The application is running behind a reverse proxy (Caddy), so `request.remote_addr` sees the proxy's IP instead of the client's. We need to use Werkzeugs `ProxyFix` middleware to trust the `X-Forwarded-For` headers set by Caddy.


## Proposed Changes  

### Backend

#### [MODIFY] [app/__init__.py](file:///../../backend/app/__init__.py)

- Import `ProxyFix` from `werkzeug.middleware.proxy_fix`.
- Wrap the Flask app with `ProxyFix`.
- Configure it to trust 1 level of proxy headers (`x_for=1`, `x_proto=1`, `x_host=1`, `x_port=1`, `x_prefix=1`).

## Verification Plan

### Manual Verification

- **Local:** Run app, verify it still works (headers might be ignored if no proxy, which is fine).
- **Remote:** Deploy and check logs. The IP should now be the real client IP.
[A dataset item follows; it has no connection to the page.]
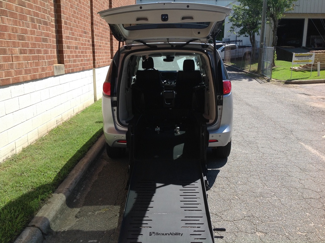 2021 Chrysler Voyager LXi, BraunAbility manual rear entry conversion, rubber flooring, leather seats, heated front seats, power sliding doors, power liftgate, AM/FM/satellite radio, Bluetooth phone/audio, back up camera, park assist, blind spot assist, cruise control, push button start, remote start, remote keyless entry, power parking brake, retractable tie downs and seat belt for wheelchair securement.  Disability Equipped, Handicap Accessible, Wheelchair accessible, Handicap van, Wheelchair van, Handicap vans, Wheelchair vans

2025-12-02-proxy-fix-task.md

# Tasks

- [x] Add `ProxyFix` middleware to Flask app <!-- id: 0 -->
- [x] Configure `ProxyFix` to trust 1 proxy (Caddy) <!-- id: 1 -->
- [x] Add `ProxyFix` middleware to Flask app <!-- id: 0 -->
- [x] Configure `ProxyFix` to trust 1 proxy (Caddy) <!-- id: 1 -->
- [x] Verify local behavior (should still work) <!-- id: 2 -->

2025-12-02-proxy-fix-walkthrough.md

# Proxy Headers Configuration Walkthrough

We have configured the Flask application to correctly handle `X-Forwarded-For` headers from the Caddy reverse proxy.

## Changes

### 1. Middleware Configuration

- Added `werkzeug.middleware.proxy_fix.ProxyFix` to `backend/app/__init__.py`.
- Configured to trust 1 level of proxy headers (`x_for=1`, `x_proto=1`, `x_host=1`, `x_port=1`, `x_prefix=1`).


## Verification Results

### Local Verification

- ran `uv run python -c "from app import create_app; create_app()"`:
- App initialized successfully.
- **Result:** PASS

## Deployment Instructions

1. **Pull changes** on the server.
2. **Rebuild and restart** the backend container:

`docker compose up -d --build backend`

Let me remind you, these artifacts were simply moved from Google Antigravity IDE's internal artifact storage and placed into the repository. Basically, Cursor and other IDEs can be asked to do the same; you just need to focus on the chat session itself.

Several clarifications

Question: Why so many md files?
💬 Answer: To stop writing code by hand and let models generate it while maintaining code health, flexible architecture, and not increasing project complexity as the number of features and time grow.

Question: Won't there be too many files? If a big team works on the project, that's a bunch of small md files.
💬 Answer: That's not a problem; these files are not for humans, they're for the model. For a human, by the way, it's also useful to read them to better understand the project's development flow. When there are many files, you can ask the model to pack them into one, for example, for the whole month.

Question: Why build traces from md files, if knowledge can be pulled from tests and from commit history in the repository?
💬 Answer: Knowledge about the project is never extra. If we want to stop coding something by hand and continue instructing models so they do our tasks without our interference through the IDE, we need to have duplication of knowledge, so it's easier for models to make decisions during planning, code generation, or during debugging and solving complex, long tasks.